▶ Instructions to follow
Print the listing from its top line through the line containing "1. Clicca su", nothing more, and leave out the pictures.

Dataset content Block Start

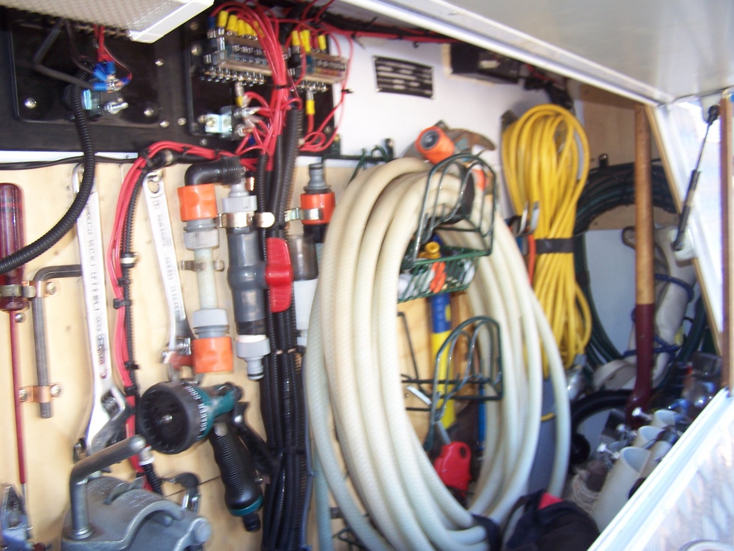 Yes, we traveled around Oz for 15 months about 2yrs ago as i looked at heaps of set-up's Bryan. I came back completely confused, so I went about thinking just what I wanted and where, as you can see the set up is user friendly and the small boxes on each side of the rig are great, fishing rods 8 in all hanging from inside the roof is magnificent and the moblie crane is re-moveable and can be ex-tracted from the trucks workshop.
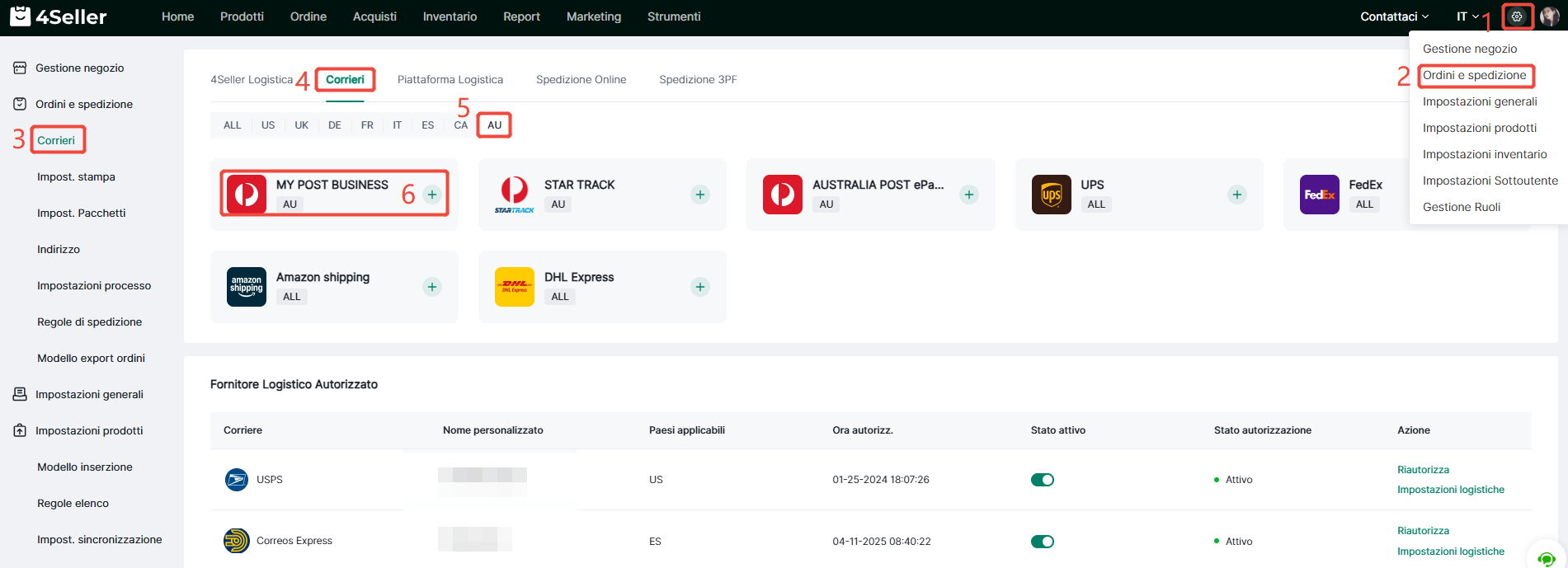1. Clicca su Impostazioni - Ordini & Spedizioni - Corrieri - Trova l'icona corrispondente - Clicca ‘+’.
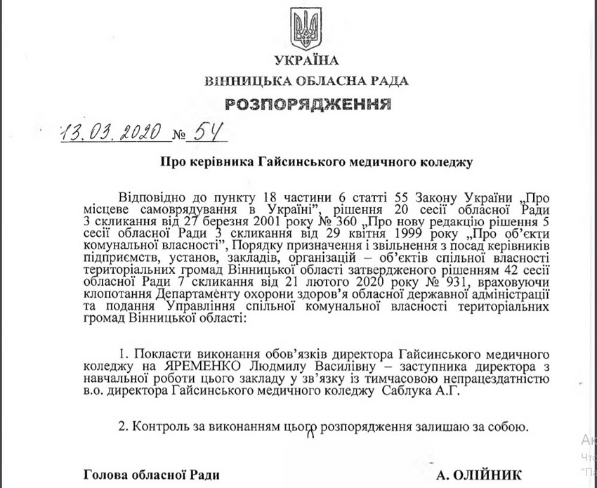 Причиною для зміни керівництва стала тимчасова непрацездатність виконуючого обов’язки директора коледжу Анатолія Саблука.
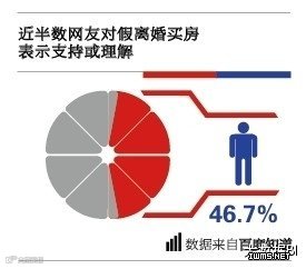 对百度知道关于“假离婚买房”的74,368条讨论进行大数据分析可以看到,关于这个问题53.3%的网友表示反对,46.7%网友表示支持或可以理解。 值得一提的是,在超过半数反对假离婚的网友中,75%人给出的理由是“风险太大,担心假戏真做”,仅有25%认为“情感上接受不了”。在动了假离婚买房念 头的家庭中,八成左右是由老公提出的建议,同时有两成左右网友表示,是房地产销售和中介给他们支的招。

Dataset content Block End

▶ Output
 Yes, we traveled around Oz for 15 months about 2yrs ago as i looked at heaps of set-up's Bryan. I came back completely confused, so I went about thinking just what I wanted and where, as you can see the set up is user friendly and the small boxes on each side of the rig are great, fishing rods 8 in all hanging from inside the roof is magnificent and the moblie crane is re-moveable and can be ex-tracted from the trucks workshop.
1. Clicca su Impostazioni - Ordini & Spedizioni - Corrieri - Trova l'icona corrispondente - Clicca ‘+’.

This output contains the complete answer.